Please copy exactly the part of the records below that opens with the line containing "Os carros da" and closes with the line containing "2. Move jumper", leaving out any pictures.
--- EXERCISE INPUT Enclosed Below ---
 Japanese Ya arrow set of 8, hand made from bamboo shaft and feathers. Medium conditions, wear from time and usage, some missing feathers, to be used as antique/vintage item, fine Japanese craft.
--- End of Enclosed EXERCISE INPUT ---
--- EXERCISE INPUT Enclosed Below ---
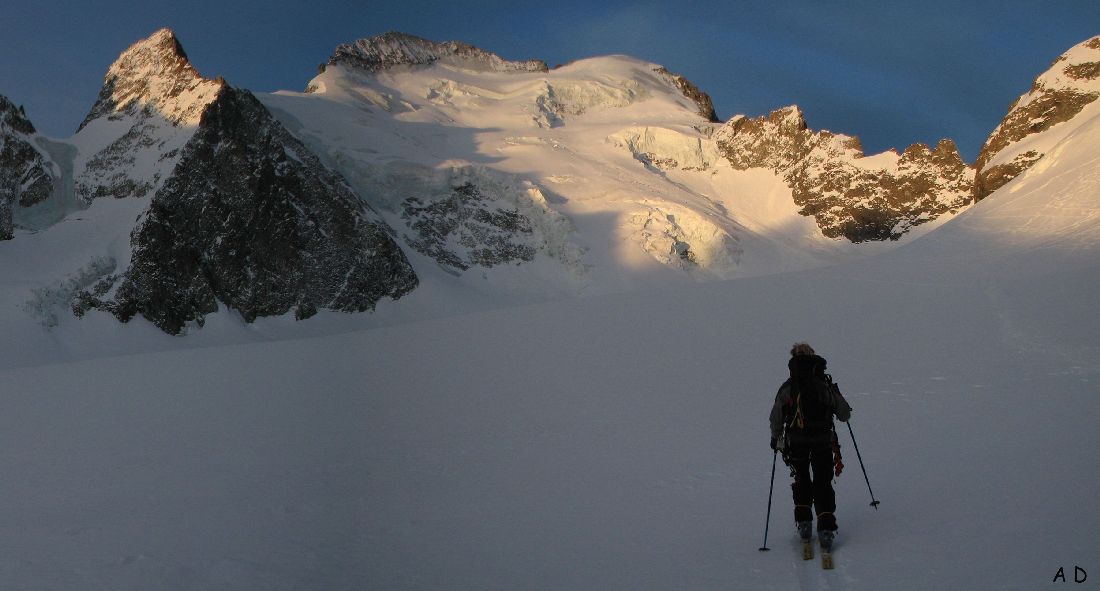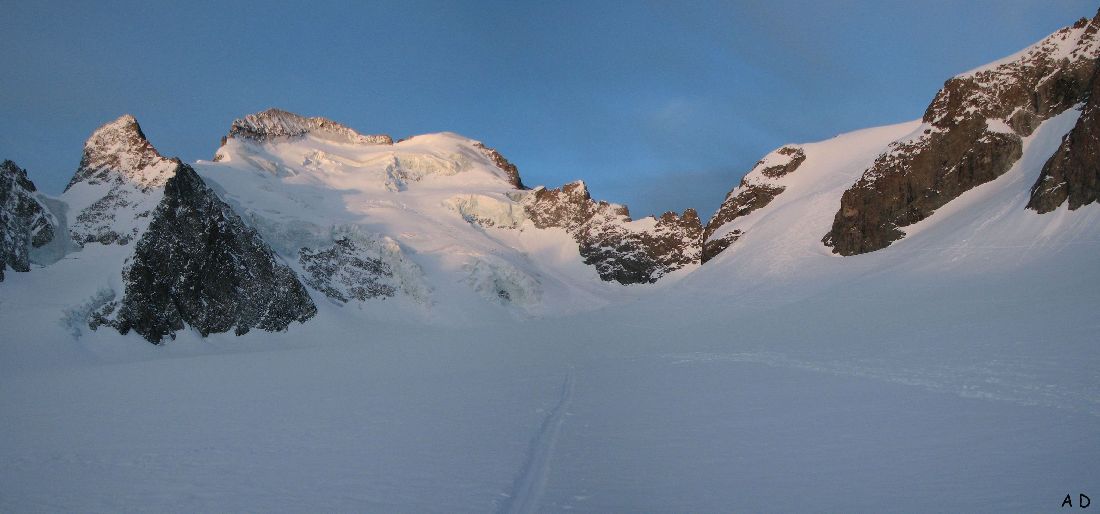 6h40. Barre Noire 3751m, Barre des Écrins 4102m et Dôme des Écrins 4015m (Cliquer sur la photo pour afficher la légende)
--- End of Enclosed EXERCISE INPUT ---
--- EXERCISE INPUT Enclosed Below ---
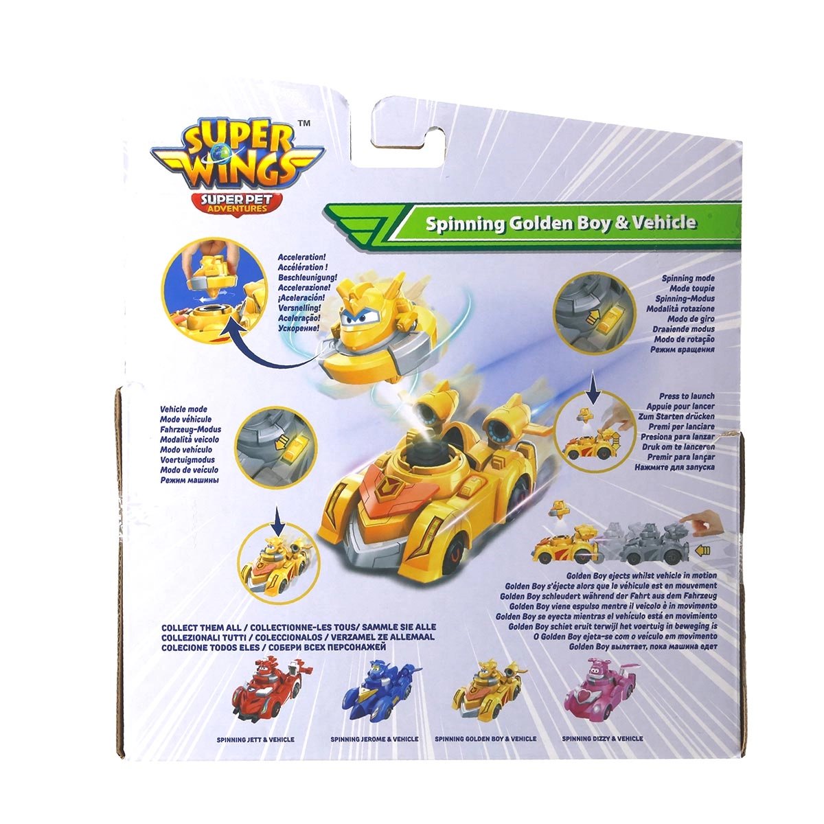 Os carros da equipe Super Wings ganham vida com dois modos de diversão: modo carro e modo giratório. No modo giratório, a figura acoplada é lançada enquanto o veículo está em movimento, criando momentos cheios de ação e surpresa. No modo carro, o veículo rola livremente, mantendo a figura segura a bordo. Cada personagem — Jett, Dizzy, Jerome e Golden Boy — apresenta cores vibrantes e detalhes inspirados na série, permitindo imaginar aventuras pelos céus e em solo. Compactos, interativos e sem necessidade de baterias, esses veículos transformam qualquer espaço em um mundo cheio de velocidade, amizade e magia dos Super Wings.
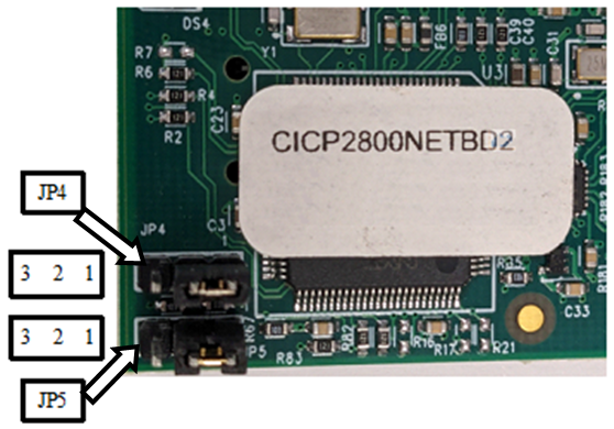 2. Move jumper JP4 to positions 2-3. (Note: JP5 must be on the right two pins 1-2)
--- End of Enclosed EXERCISE INPUT ---
» **RESULT BELOW**
 Os carros da equipe Super Wings ganham vida com dois modos de diversão: modo carro e modo giratório. No modo giratório, a figura acoplada é lançada enquanto o veículo está em movimento, criando momentos cheios de ação e surpresa. No modo carro, o veículo rola livremente, mantendo a figura segura a bordo. Cada personagem — Jett, Dizzy, Jerome e Golden Boy — apresenta cores vibrantes e detalhes inspirados na série, permitindo imaginar aventuras pelos céus e em solo. Compactos, interativos e sem necessidade de baterias, esses veículos transformam qualquer espaço em um mundo cheio de velocidade, amizade e magia dos Super Wings.
 2. Move jumper JP4 to positions 2-3. (Note: JP5 must be on the right two pins 1-2)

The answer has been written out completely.